Bob Adamson e Paul Morris (2010) apresentam algumas possibilidades para pensar os estudos comparados de currículo. Em relação ao propósito o estudo pode ser: analítico, científico, especulativo, histórico, normativo, narrativo, teórico, etc. Em relação à perspectiva pode-se citar: avaliativa (um pai avaliando escolas para matricular o filho, os professores selecionando livro didático, nível de aprendizagem dos alunos por escolas, etc.); interpretativa ou hermenêutica (tenta analisar e explicar fenômenos nos currículos); crítica (principalmente pesquisas interessadas em questões de igualdade, justiça, reconstrução social).

O ponto central do currículo para análise pode ser dividido da seguinte forma: as ideologias, o desenvolvimento, a implementação curricular (análise do PPC, que é documento público), as experiências. Nesta pesquisa podemos definir, conforme estas orientações, os seguintes pontos: o propósito é teórico, a perspectiva é interpretativa, o foco são os PPC das licenciaturas em História, as manifestações são a organização da Prática de Ensino.

A metodologia da Educação Comparada “quando rigorosamente efectuada, a leitura dos aspectos comuns e das diferenças relativas a uma problemática fornecem informações mais interessantes que as resultantes de uma leitura dessa mesma problemática num só contexto” (FERREIRA, 2008, 125). Na Educação Comparada a ideia é sempre relacionar o que se estuda com o contexto em que tal objeto estudado se encontra.

A comparação em educação gera uma dinâmica de raciocínio que obriga a identificar semelhanças e diferenças entre dois ou mais factos, fenómenos ou processos educativos e a interpretá-las levando em consideração a relação destes com o contexto social, político, económico, cultural, etc. a

que pertencem. Daí a necessidade de outros dados, da compreensão de outros discursos. (FERREIRA, 2008, p. 125)

É importante ressaltar que o trabalho com a Educação Comparada pode ser útil para se debruçar comparativamente sobre contextos distintos, neste caso diferentes instituições de Ensino Superior no país, que pensaram de forma diversa o currículo de formação de professores, de modo a conhecer elementos que não seriam possíveis alcançar a partir da análise de um só contexto. Antonio Ferreira (2008, p. 136) argumenta que o objetivo último da Educação Comparada não é apenas de encontrar semelhanças ou diferenças entre os objetos estudados, “mas o de encontrar sentido para os processos educacionais”.

A comparação convida os pesquisadores a colocar em múltiplas perspectivas as sociedades, os contrastes, os excessos e o secreto, inicialmente, sem fronteiras de tempo ou de espaço. Isto porque, ao colocar em comparação várias experiências, produzem-se freqüentemente espaços de inteligibilidade e de reflexão nova. (THEML; BUSTAMANTE, 2007, p.11)

Utilizar esta metodologia requer do pesquisador ir além da descrição dos elementos observáveis em primeira instância e passar para a explicação dos elementos encontrados na comparação. Ou seja, para além das primeiras impressões, fazer sínteses dos fenômenos estudados que possam contribuir com a área de formação de professores.
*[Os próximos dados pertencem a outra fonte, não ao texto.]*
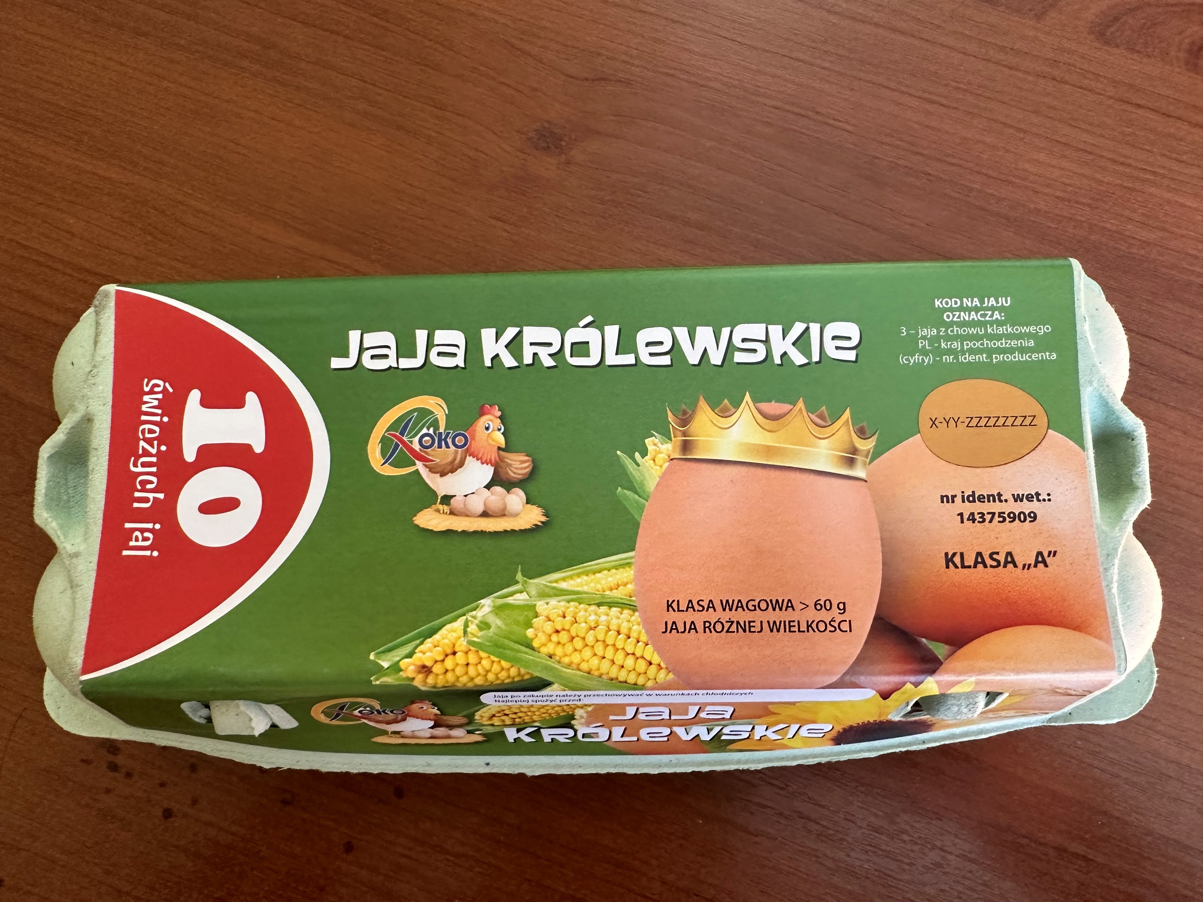 Produkt – Jaja Królewskie klasa A, klasa wagowa>60 g; jaja różnej wielkości

A investigação comparativa deve partir para a compreensão, interpretando, indagando e construindo os factos, e não restringir- se a descrevê-los. Podemos, assim, perceber uma mudança paradigmática que se caracteriza por uma maior atenção à história e à teoria, em detrimento da pura descrição e interpretação, aos conteúdos da educação e não somente aos resultados, aos métodos qualitativos e etnográficos em vez do uso exclusivo da estatística [...] (FERREIRA, 2008, p.135)
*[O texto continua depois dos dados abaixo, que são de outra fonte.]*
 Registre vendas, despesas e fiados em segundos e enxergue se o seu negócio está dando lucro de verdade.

Os estudos comparativos são um esforço de contextualização, de análises pormenorizadas das circunstâncias que rodeiam uma realidade educacional concreta, análise necessária para explicar, ao menos em parte, o porquê da realidade estudada. (SCHRIEWER, 1990, p. 133). Este projeto se desenvolve dentro da perspectiva sócio-histórica da comparação complexa.